ASPA is an IETF SIDROPS working-group draft standard (draft-ietf-sidrops-aspa-verification) for BGP path validation. It extends RPKI — previously used mostly for Route Origin Validation (ROV) — into a mechanism for detecting and rejecting route leaks on the global Internet.

The primitive

Each AS holder signs and publishes an ASPA object in RPKI that enumerates its authorized upstream provider ASNs. Consumers (validators, routers) download, validate, and consult these objects during BGP best-path selection.

An ASPA for AS X with providers {P1, P2, P3} asserts: "My only authorized upstream providers are P1, P2, P3. Any other AS that appears on a path … , P_other, X, ... where P_other is supposed to be one of my upstreams is in violation."

The AS0 member

A Tier-1 network — one that is transit-free (peers + its own customer cone, no upstreams) — uses the reserved AS0 in its ASPA provider list to explicitly declare "I have no upstream providers." This lets verifiers reject any path where the Tier-1 AS is downstream of some other AS.

From the Cloudflare Venezuela post:

"AS6762 is a Tier-1 transit-free network, and they would use the special reserved 'AS0' member in their ASPA signed object to communicate to the world that they have no upstream providers, only lateral peers and customers. Then, AS52320, the other provider of AS8048, would see routes from their customer with '6762' in the path and reject them by performing an ASPA verification process."

The validation algorithm

Given a received path P = A_n, A_{n-1}, ..., A_1, A_0 (origin A_0), ASPA verification checks each upflow segment (customer-to-provider transitions):

  1. Walk the path from origin upward.
  2. For each consecutive pair (A_i, A_{i+1}) in the upflow direction, check whether A_{i+1} is in A_i's ASPA provider list.
  3. If any mismatch is found, the path is invalid (leak).
  4. At most one peer-peer transition is allowed mid-path; after that, only downflow (provider-to-customer) transitions may follow.
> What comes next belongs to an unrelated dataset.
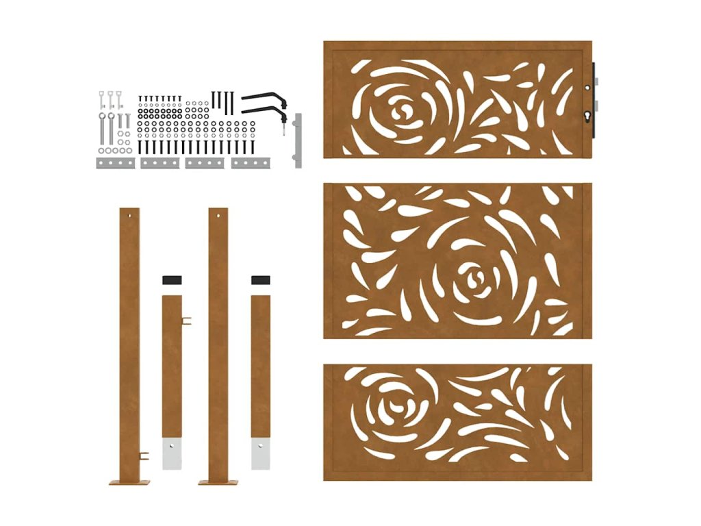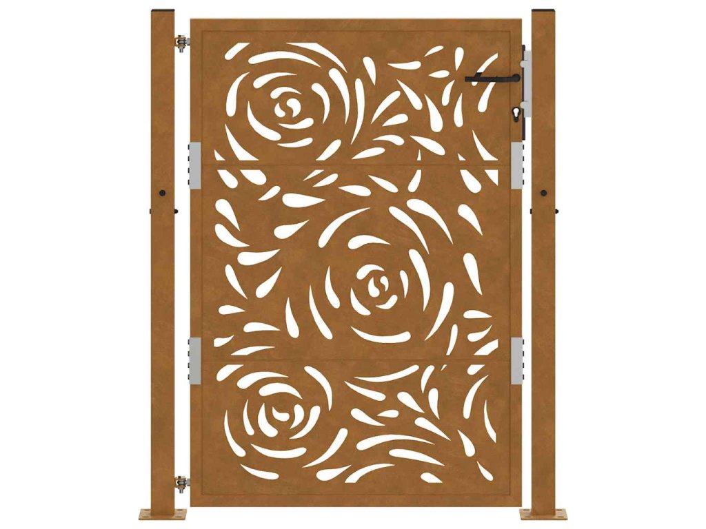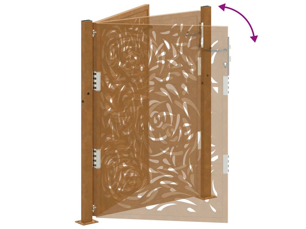 - Odolná konstrukce: Tato plotová brána je vyrobena z oceli odolné proti povětrnostním vlivům. Povětrnostně odolná ocel je ze své podstaty antikorozní. Při prvním vystavení atmosférickým podmínkám se na ní vytvoří ochranná vrstva proti korozi. Nemusíte ji tedy natírat. To vám může pomoci ušetřit náklady na údržbu a opravy. Výrazná hnědá barva na povětrnostní oceli jistě upoutá pozornost. V neposlední řadě je povětrnostní ocel výjimečně odolná a obstojí ve zkoušce času.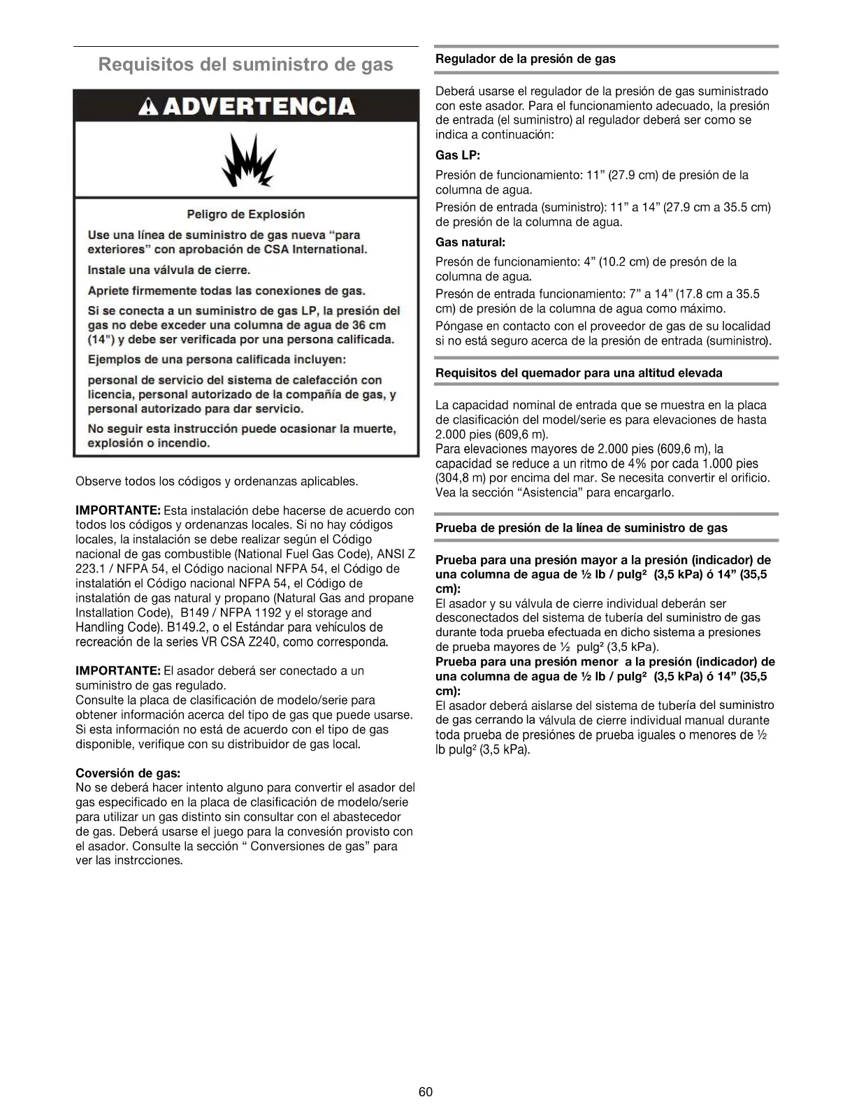 Requisitos del suministro de gas

Relationship to other tools

  • Complements OTC (RFC 9234): OTC is session-local and enforced in the protocol; ASPA is out-of-band (RPKI-signed) and validated at any vantage point that sees the route. Both wanted together.
  • Supersedes Peerlock: Peerlock is operator-specific filter templates; ASPA is a globally- coordinated signing standard.
  • Independent of ROV: ROV validates origin; ASPA validates path. Different anomaly classes, different objects.